YOUR GOAL. A faithful, word-for-word copy of the data below is required, without pictures.

** Opening MATERIAL FOR THE TASK block **

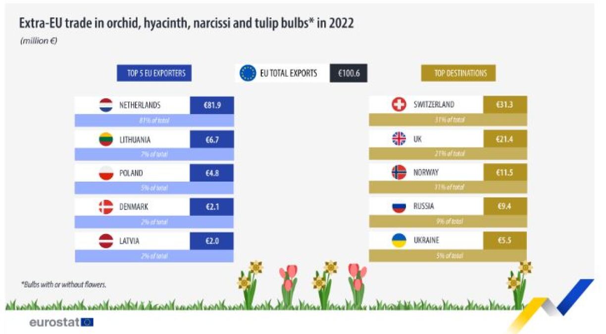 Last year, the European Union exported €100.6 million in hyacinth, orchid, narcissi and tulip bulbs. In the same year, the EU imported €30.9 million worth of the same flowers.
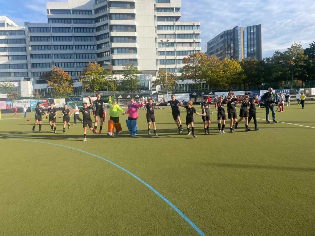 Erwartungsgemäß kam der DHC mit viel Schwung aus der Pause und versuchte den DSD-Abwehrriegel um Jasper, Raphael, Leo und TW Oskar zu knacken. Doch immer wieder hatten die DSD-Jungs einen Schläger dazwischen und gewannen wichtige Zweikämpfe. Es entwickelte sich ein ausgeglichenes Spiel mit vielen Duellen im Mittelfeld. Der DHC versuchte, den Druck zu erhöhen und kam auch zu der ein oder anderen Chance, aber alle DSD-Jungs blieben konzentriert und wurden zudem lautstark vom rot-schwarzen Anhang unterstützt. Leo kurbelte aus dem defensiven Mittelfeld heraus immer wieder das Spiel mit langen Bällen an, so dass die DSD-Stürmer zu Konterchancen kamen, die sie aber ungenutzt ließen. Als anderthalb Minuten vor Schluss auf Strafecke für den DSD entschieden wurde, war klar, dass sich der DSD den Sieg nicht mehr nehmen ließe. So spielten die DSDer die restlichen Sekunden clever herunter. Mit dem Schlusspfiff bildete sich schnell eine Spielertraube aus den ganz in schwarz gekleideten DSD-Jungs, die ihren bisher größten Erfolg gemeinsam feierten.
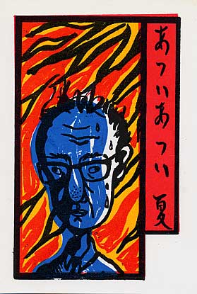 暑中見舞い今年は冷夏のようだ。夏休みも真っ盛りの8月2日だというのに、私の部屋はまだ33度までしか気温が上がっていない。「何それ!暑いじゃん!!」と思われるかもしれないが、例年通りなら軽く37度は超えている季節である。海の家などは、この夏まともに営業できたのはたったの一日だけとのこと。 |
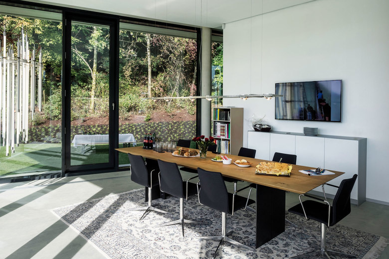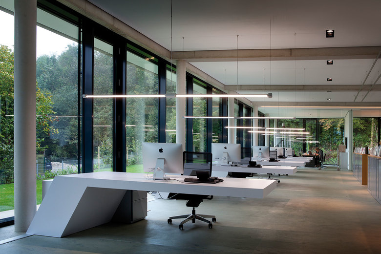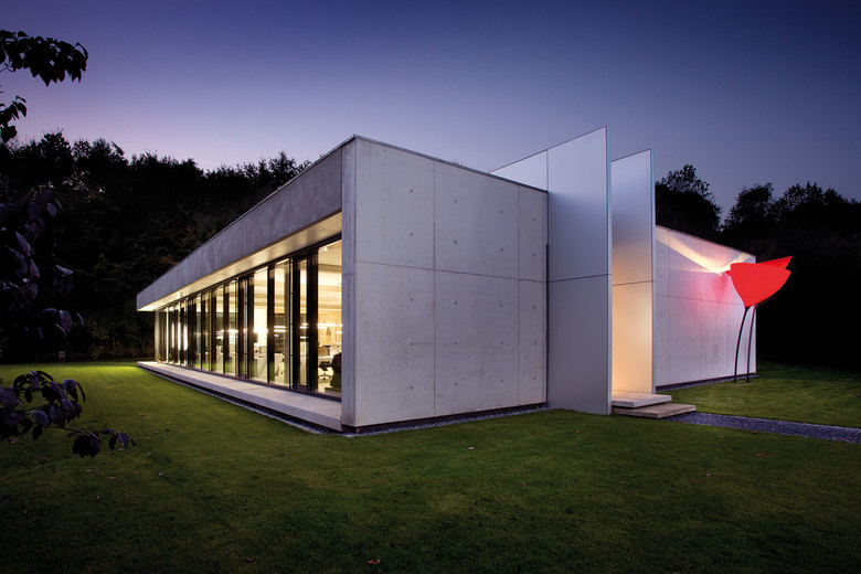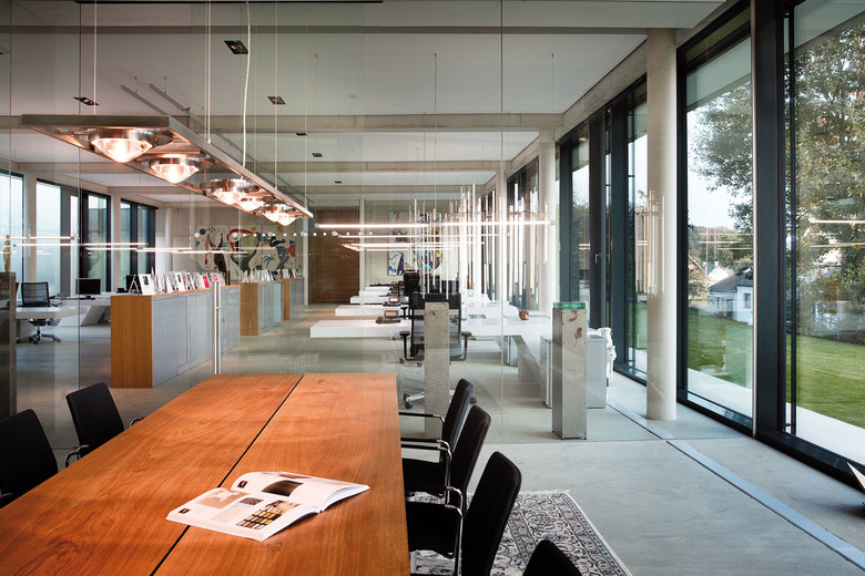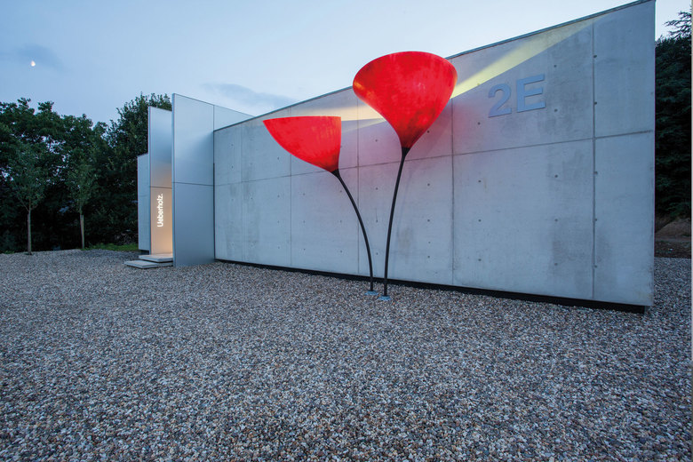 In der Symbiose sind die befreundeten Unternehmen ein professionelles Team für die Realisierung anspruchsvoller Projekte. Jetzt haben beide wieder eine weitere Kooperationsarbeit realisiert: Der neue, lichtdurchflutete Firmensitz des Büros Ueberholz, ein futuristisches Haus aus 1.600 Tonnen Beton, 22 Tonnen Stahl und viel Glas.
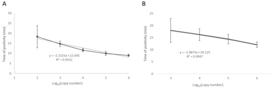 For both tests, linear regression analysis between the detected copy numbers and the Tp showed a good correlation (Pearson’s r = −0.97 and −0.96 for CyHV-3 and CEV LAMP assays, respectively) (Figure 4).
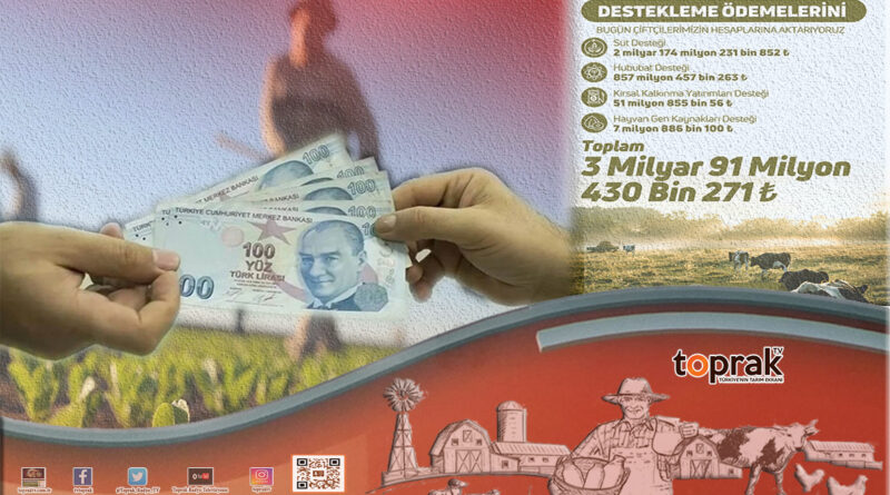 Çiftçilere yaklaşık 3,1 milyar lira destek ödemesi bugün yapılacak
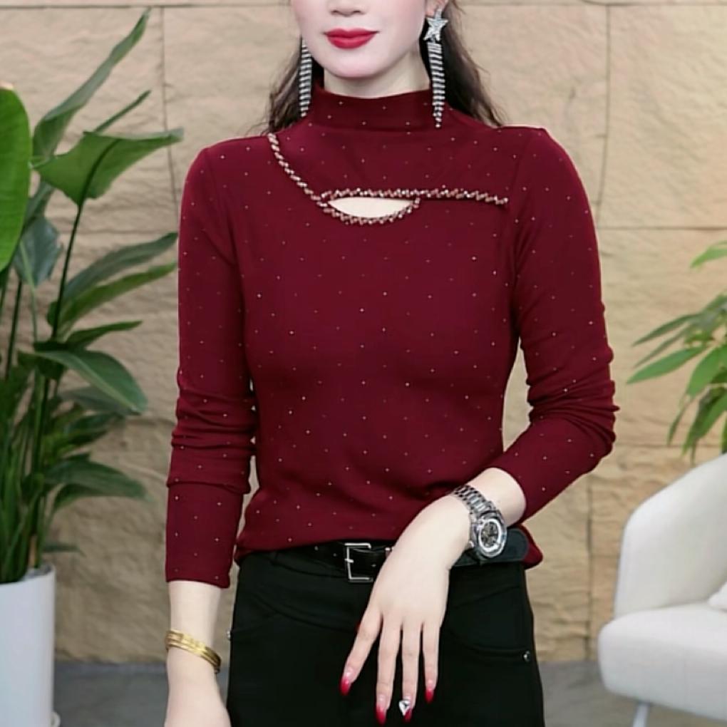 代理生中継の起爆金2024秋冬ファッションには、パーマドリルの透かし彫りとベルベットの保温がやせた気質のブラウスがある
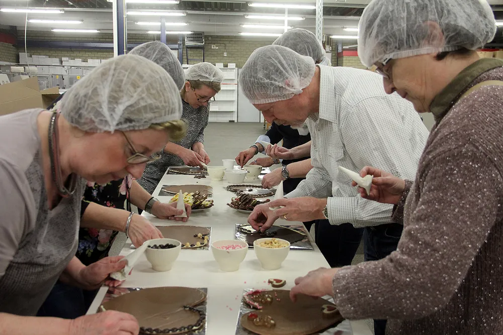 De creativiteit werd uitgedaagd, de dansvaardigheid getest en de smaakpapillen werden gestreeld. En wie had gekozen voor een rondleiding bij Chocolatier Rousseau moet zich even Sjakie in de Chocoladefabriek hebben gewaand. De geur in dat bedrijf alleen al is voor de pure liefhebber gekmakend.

** Closing MATERIAL FOR THE TASK block **

RESULT OF THE EXERCISE.
 Last year, the European Union exported €100.6 million in hyacinth, orchid, narcissi and tulip bulbs. In the same year, the EU imported €30.9 million worth of the same flowers.
 Erwartungsgemäß kam der DHC mit viel Schwung aus der Pause und versuchte den DSD-Abwehrriegel um Jasper, Raphael, Leo und TW Oskar zu knacken. Doch immer wieder hatten die DSD-Jungs einen Schläger dazwischen und gewannen wichtige Zweikämpfe. Es entwickelte sich ein ausgeglichenes Spiel mit vielen Duellen im Mittelfeld. Der DHC versuchte, den Druck zu erhöhen und kam auch zu der ein oder anderen Chance, aber alle DSD-Jungs blieben konzentriert und wurden zudem lautstark vom rot-schwarzen Anhang unterstützt. Leo kurbelte aus dem defensiven Mittelfeld heraus immer wieder das Spiel mit langen Bällen an, so dass die DSD-Stürmer zu Konterchancen kamen, die sie aber ungenutzt ließen. Als anderthalb Minuten vor Schluss auf Strafecke für den DSD entschieden wurde, war klar, dass sich der DSD den Sieg nicht mehr nehmen ließe. So spielten die DSDer die restlichen Sekunden clever herunter. Mit dem Schlusspfiff bildete sich schnell eine Spielertraube aus den ganz in schwarz gekleideten DSD-Jungs, die ihren bisher größten Erfolg gemeinsam feierten.
 暑中見舞い今年は冷夏のようだ。夏休みも真っ盛りの8月2日だというのに、私の部屋はまだ33度までしか気温が上がっていない。「何それ!暑いじゃん!!」と思われるかもしれないが、例年通りなら軽く37度は超えている季節である。海の家などは、この夏まともに営業できたのはたったの一日だけとのこと。 |
 In der Symbiose sind die befreundeten Unternehmen ein professionelles Team für die Realisierung anspruchsvoller Projekte. Jetzt haben beide wieder eine weitere Kooperationsarbeit realisiert: Der neue, lichtdurchflutete Firmensitz des Büros Ueberholz, ein futuristisches Haus aus 1.600 Tonnen Beton, 22 Tonnen Stahl und viel Glas.
 For both tests, linear regression analysis between the detected copy numbers and the Tp showed a good correlation (Pearson’s r = −0.97 and −0.96 for CyHV-3 and CEV LAMP assays, respectively) (Figure 4).
 Çiftçilere yaklaşık 3,1 milyar lira destek ödemesi bugün yapılacak
 代理生中継の起爆金2024秋冬ファッションには、パーマドリルの透かし彫りとベルベットの保温がやせた気質のブラウスがある
 De creativiteit werd uitgedaagd, de dansvaardigheid getest en de smaakpapillen werden gestreeld. En wie had gekozen voor een rondleiding bij Chocolatier Rousseau moet zich even Sjakie in de Chocoladefabriek hebben gewaand. De geur in dat bedrijf alleen al is voor de pure liefhebber gekmakend.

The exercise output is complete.